Below are records with pictures; copy word for word only the lines between the line with "我当时偶入hr这个领域,现在" and the line with "Our conversation was", inclusive, and drop the pictures.

# Materials provided
##############################

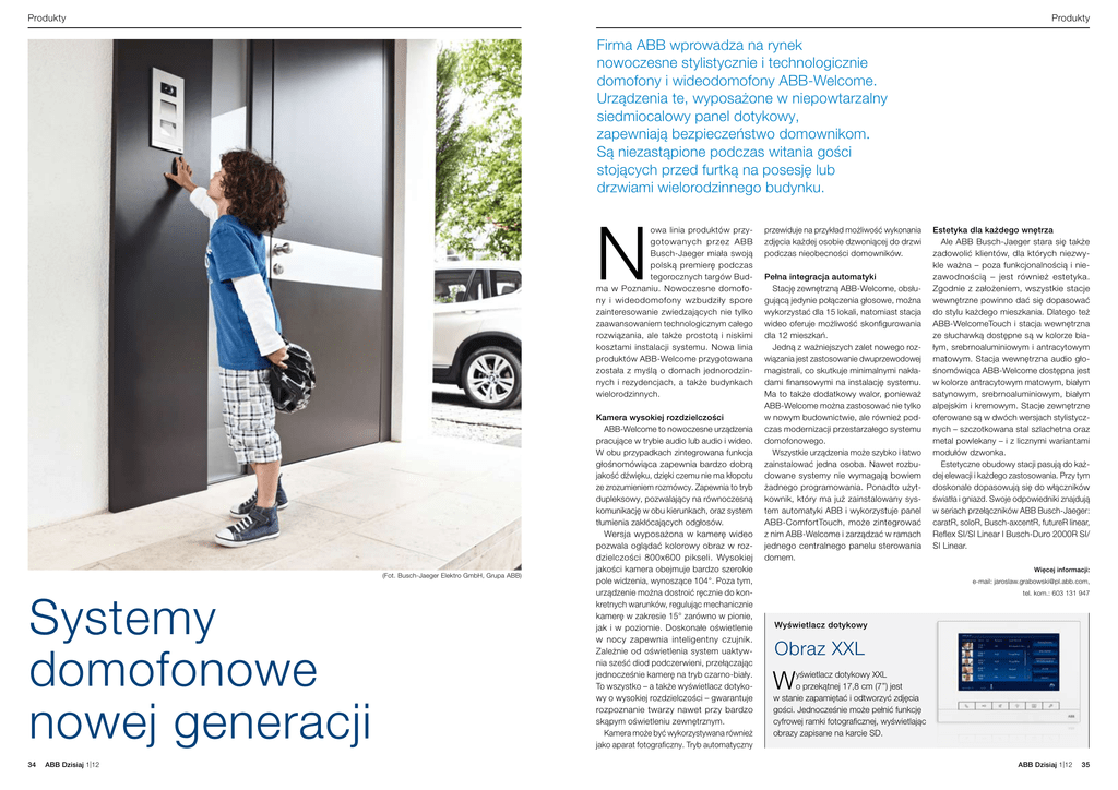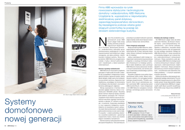 Produkty Produkty Firma ABB wprowadza na rynek nowoczesne stylistycznie i technologicznie domofony i wideodomofony ABB-Welcome. Urządzenia te, wyposażone w niepowtarzalny siedmiocalowy panel dotykowy, zapewniają bezpieczeństwo domownikom. Są niezastąpione podczas witania gości stojących przed furtką na posesję lub drzwiami wielorodzinnego budynku. N owa linia produktów przygotowanych przez ABB Busch-Jaeger miała swoją polską premierę podczas tegorocznych targów Budma w Poznaniu. Nowoczesne domofony i wideodomofony wzbudziły spore zainteresowanie zwiedzających nie tylko zaawansowaniem technologicznym całego rozwiązania, ale także prostotą i niskimi kosztami instalacji systemu. Nowa linia produktów ABB-Welcome przygotowana została z myślą o domach jednorodzinnych i rezydencjach, a także budynkach wielorodzinnych. (Fot. Busch-Jaeger Elektro GmbH, Grupa ABB) Systemy domofonowe nowej generacji 34 ABB Dzisiaj 1|12 Kamera wysokiej rozdzielczości ABB-Welcome to nowoczesne urządzenia pracujące w trybie audio lub audio i wideo. W obu przypadkach zintegrowana funkcja głośnomówiąca zapewnia bardzo dobrą jakość dźwięku, dzięki czemu nie ma kłopotu ze zrozumieniem rozmówcy. Zapewnia to tryb dupleksowy, pozwalający na równoczesną komunikację w obu kierunkach, oraz system tłumienia zakłócających odgłosów. Wersja wyposażona w kamerę wideo pozwala oglądać kolorowy obraz w rozdzielczości 800x600 pikseli. Wysokiej jakości kamera obejmuje bardzo szerokie pole widzenia, wynoszące 104°. Poza tym, urządzenie można dostroić ręcznie do konkretnych warunków, regulując mechanicznie kamerę w zakresie 15° zarówno w pionie, jak i w poziomie. Doskonałe oświetlenie w nocy zapewnia inteligentny czujnik. Zależnie od oświetlenia system uaktywnia sześć diod podczerwieni, przełączając jednocześnie kamerę na tryb czarno-biały. To wszystko – a także wyświetlacz dotykowy o wysokiej rozdzielczości – gwarantuje rozpoznanie twarzy nawet przy bardzo skąpym oświetleniu zewnętrznym. Kamera może być wykorzystywana również jako aparat fotograficzny. Tryb automatyczny przewiduje na przykład możliwość wykonania zdjęcia każdej osobie dzwoniącej do drzwi podczas nieobecności domowników. Pełna integracja automatyki Stację zewnętrzną ABB-Welcome, obsługującą jedynie połączenia głosowe, można wykorzystać dla 15 lokali, natomiast stacja wideo oferuje możliwość skonfigurowania dla 12 mieszkań. Jedną z ważniejszych zalet nowego rozwiązania jest zastosowanie dwuprzewodowej magistrali, co skutkuje minimalnymi nakładami finansowymi na instalację systemu. Ma to także dodatkowy walor, ponieważ ABB-Welcome można zastosować nie tylko w nowym budownictwie, ale również podczas modernizacji przestarzałego systemu domofonowego. Wszystkie urządzenia może szybko i łatwo zainstalować jedna osoba. Nawet rozbudowane systemy nie wymagają bowiem żadnego programowania. Ponadto użytkownik, który ma już zainstalowany system automatyki ABB i wykorzystuje panel ABB-ComfortTouch, może zintegrować z nim ABB-Welcome i zarządzać w ramach jednego centralnego panelu sterowania domem. Estetyka dla każdego wnętrza Ale ABB Busch-Jaeger stara się także zadowolić klientów, dla których niezwykle ważna – poza funkcjonalnością i niezawodnością – jest również estetyka. Zgodnie z założeniem, wszystkie stacje wewnętrzne powinno dać się dopasować do stylu każdego mieszkania. Dlatego też ABB-WelcomeTouch i stacja wewnętrzna ze słuchawką dostępne są w kolorze białym, srebrnoaluminiowym i antracytowym matowym. Stacja wewnętrzna audio głośnomówiąca ABB-Welcome dostępna jest w kolorze antracytowym matowym, białym satynowym, srebrnoaluminiowym, białym alpejskim i kremowym. Stacje zewnętrzne oferowane są w dwóch wersjach stylistycznych – szczotkowana stal szlachetna oraz metal powlekany – i z licznymi wariantami modułów dzwonka. Estetyczne obudowy stacji pasują do każdej elewacji i każdego zastosowania. Przy tym doskonale dopasowują się do włączników światła i gniazd. Swoje odpowiedniki znajdują w seriach przełączników ABB Busch-Jaeger: caratR, soloR, Busch-axcentR, futureR linear, Reflex SI/SI Linear I Busch-Duro 2000R SI/ SI Linear. Więcej informacji: e-mail: [email protected], tel. kom.: 603 131 947 Wyświetlacz dotykowy Obraz XXL W yświetlacz dotykowy XXL o przekątnej 17,8 cm (7’’) jest w stanie zapamiętać i odtworzyć zdjęcia gości. Jednocześnie może pełnić funkcję cyfrowej ramki fotograficznej, wyświetlając obrazy zapisane na karcie SD. ABB Dzisiaj 1|12 35
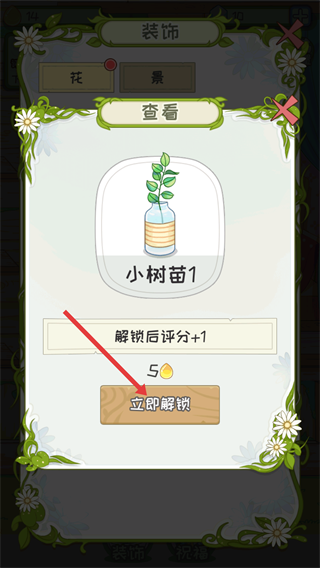 3、查看【小樹苗1】的詳情,消耗5個【太陽花】點(diǎn)擊【立即解鎖】,解鎖后評分會+1。
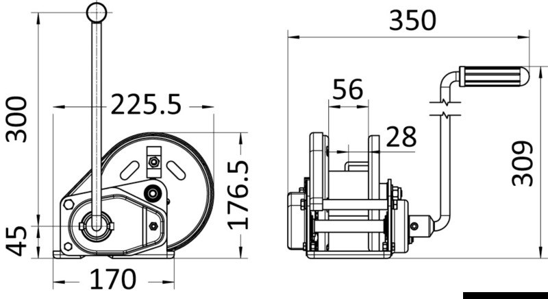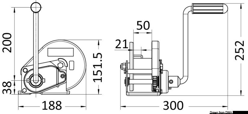 Il meccanismo autobloccante (agisce con un carico minimo di 25 kg) permette di usare il verricello in tutta sicurezza. Nessun ingranaggio esterno. Carcassa in acciaio zinco-cromato e verniciato con polveri epossidiche.
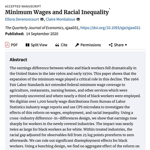 The minimum wage reduces racial income inequality.
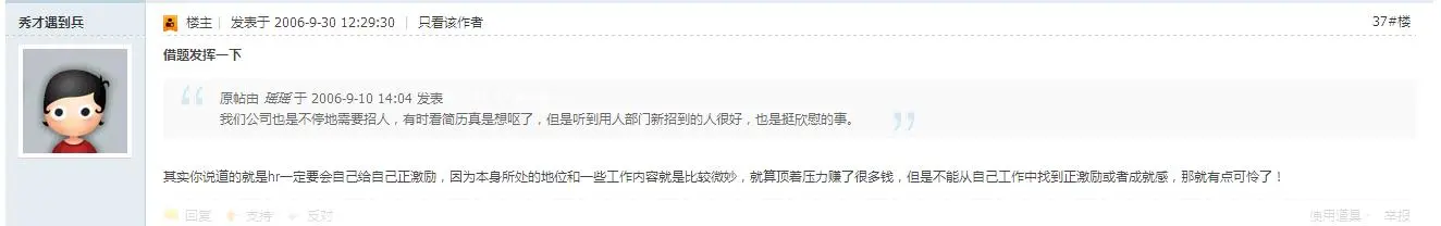 我当时偶入hr这个领域,现在虽努力工作,但兴趣仍然没有,成就感未曾体会,可能是真的厌倦了吧?
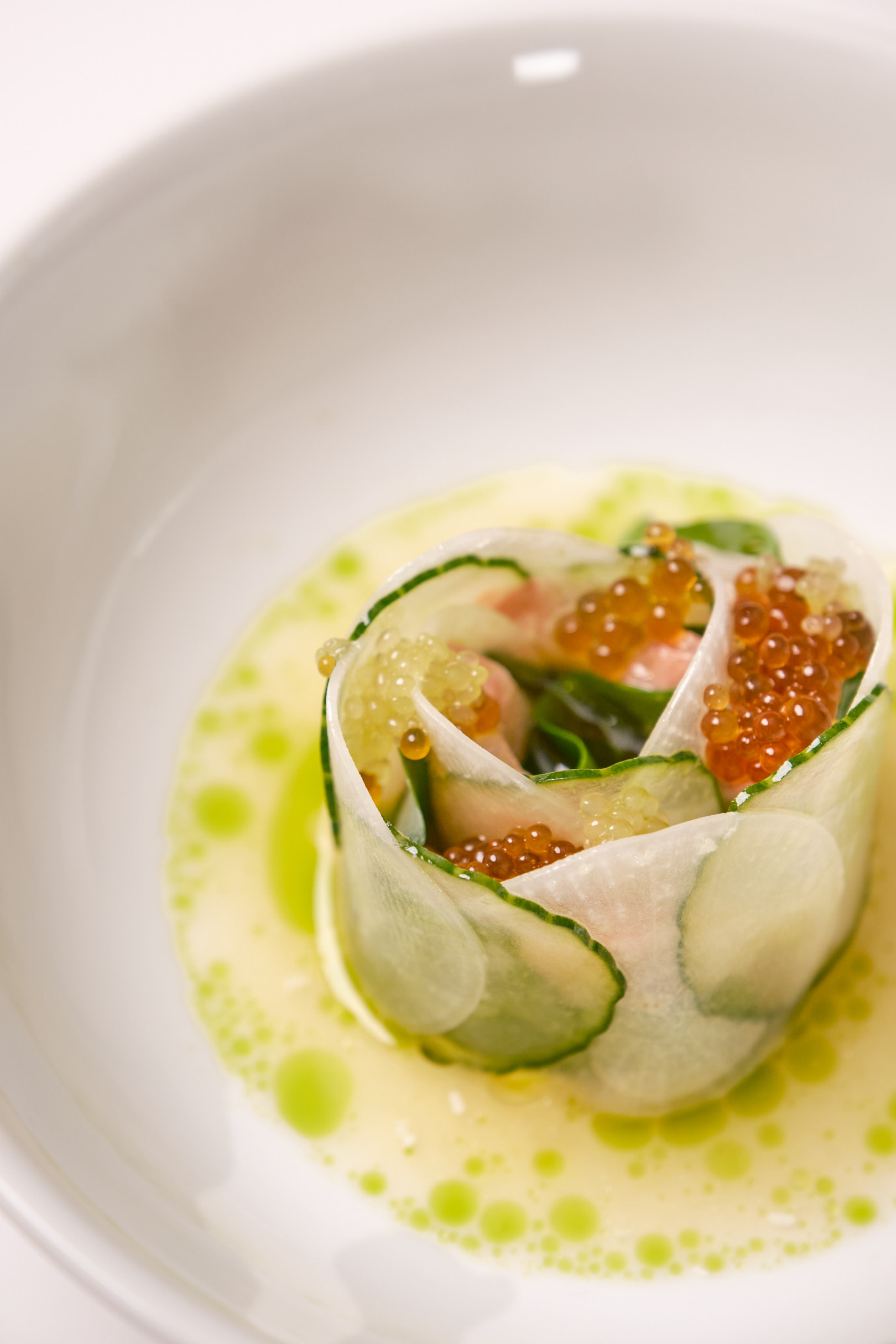 Ceviche af Dansk hiramasa med kinaradise, dashi
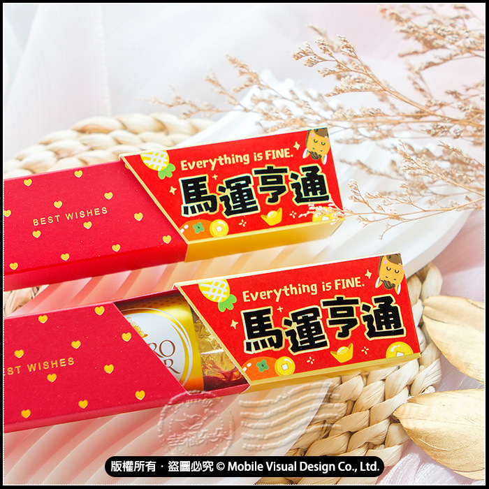 馬年祝福語時尚閃金包裝 金莎3顆入 (滿百份免費印名字)(新品上市特價中)
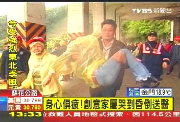據臺灣TVBS電視臺報道,蘇花公路搜救行動已進入第7天,20名失聯大陸游客的任何消息都牽動著他們家屬的心。焦急等待的心情加上惡劣氣候,使得一名創意旅行社失聯大陸游客家屬在今(27)日中午哭到昏倒,送醫救治。
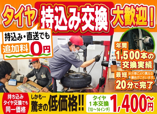 (当店でタイヤを購入のお客様、新品タイヤを持ち込み交換のお客様に限ります。)
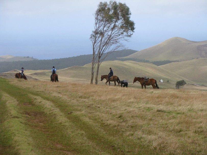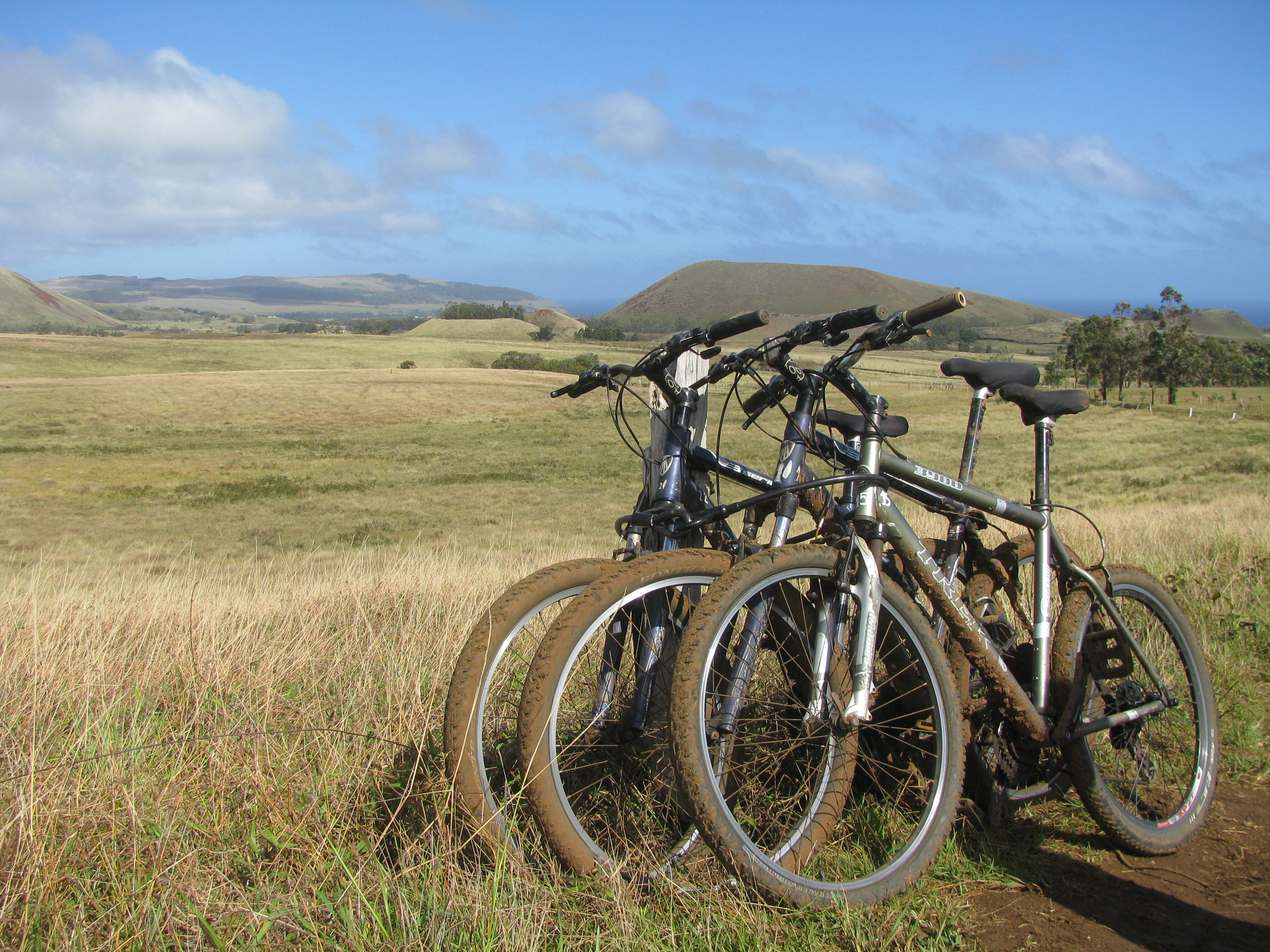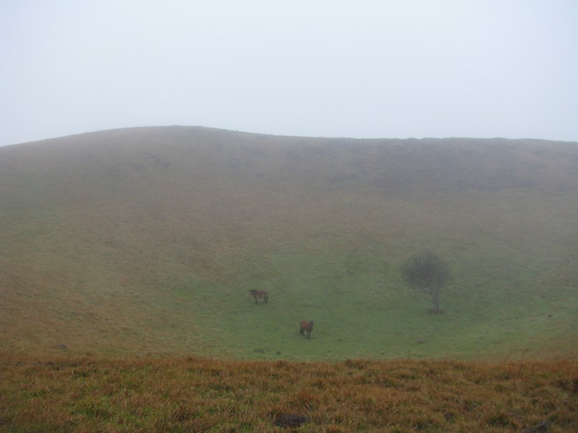 Our conversation was cut short somewhere around the 90’s grunge movement or the Mutiny on the Bounty (Pitcairn Island is Easter Island’s closest neighbor), I can’t remember, because on the top of Terevaka you literally can’t hear yourself speak. Not only have you reached the clouds, who haven’t had time to get out-of-the-way of this little speck in the ocean, you’re dealing with deafening winds from all directions. The wind is your “trust friend”, you can let yourself lean back and it’s got your back.
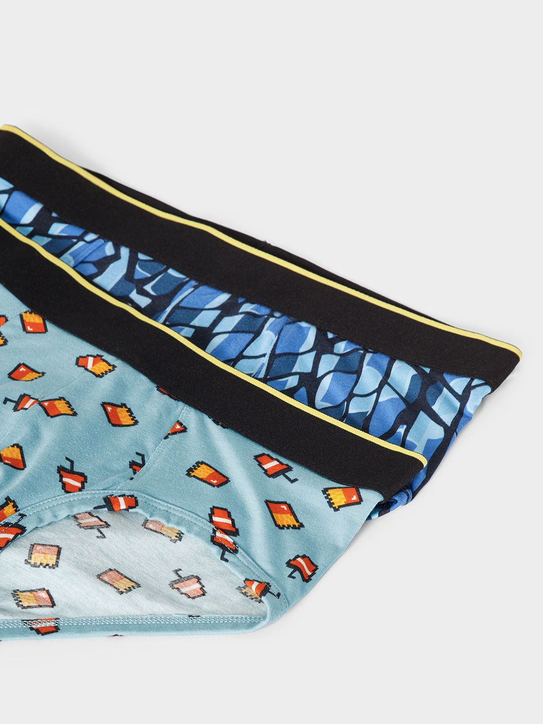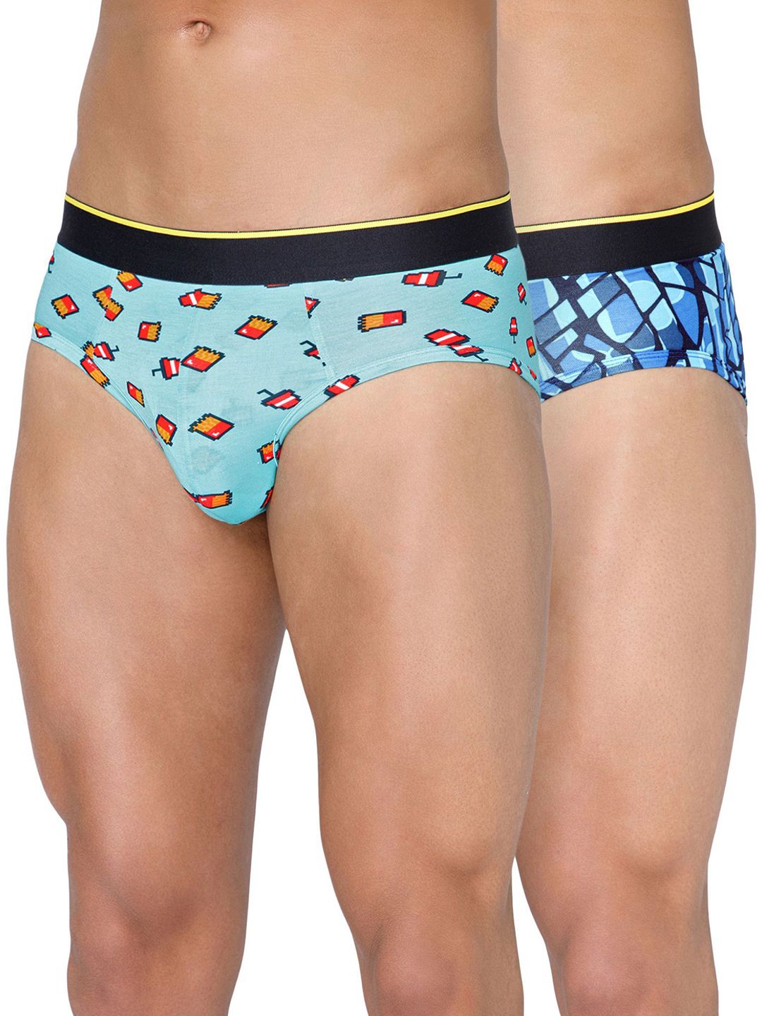 VAN Number: BRMCICE02SPack of 2 Printed basic brief for menBlue printed mid-rise basic briefs for men, has an outer elasticated waistband and a double layered contoured pouchLight Blue printed mid-rise basic briefs for men, has an outer elasticated waistband and a double layered contoured pouch
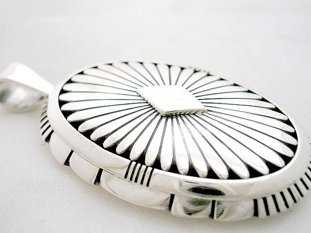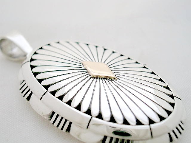下記画像はNavajo(ナヴァホ)アーティストHoward Nelson(ハワード・ネルソン)にオーダーしておりました。サンバーストデザインの3Ply(3段重ね)ペンダントです。
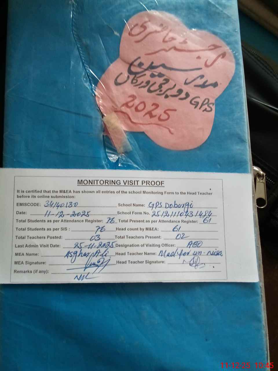 | EMIS Code: 34140130 | Name of School: GPS DOBURGI VIRKAN | |||
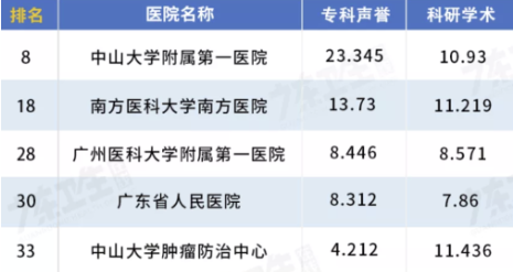 广东省入选前50名的医院

##############################

# Output for this task
 我当时偶入hr这个领域,现在虽努力工作,但兴趣仍然没有,成就感未曾体会,可能是真的厌倦了吧?
 Ceviche af Dansk hiramasa med kinaradise, dashi
 馬年祝福語時尚閃金包裝 金莎3顆入 (滿百份免費印名字)(新品上市特價中)
據臺灣TVBS電視臺報道,蘇花公路搜救行動已進入第7天,20名失聯大陸游客的任何消息都牽動著他們家屬的心。焦急等待的心情加上惡劣氣候,使得一名創意旅行社失聯大陸游客家屬在今(27)日中午哭到昏倒,送醫救治。
 (当店でタイヤを購入のお客様、新品タイヤを持ち込み交換のお客様に限ります。)
 Our conversation was cut short somewhere around the 90’s grunge movement or the Mutiny on the Bounty (Pitcairn Island is Easter Island’s closest neighbor), I can’t remember, because on the top of Terevaka you literally can’t hear yourself speak. Not only have you reached the clouds, who haven’t had time to get out-of-the-way of this little speck in the ocean, you’re dealing with deafening winds from all directions. The wind is your “trust friend”, you can let yourself lean back and it’s got your back.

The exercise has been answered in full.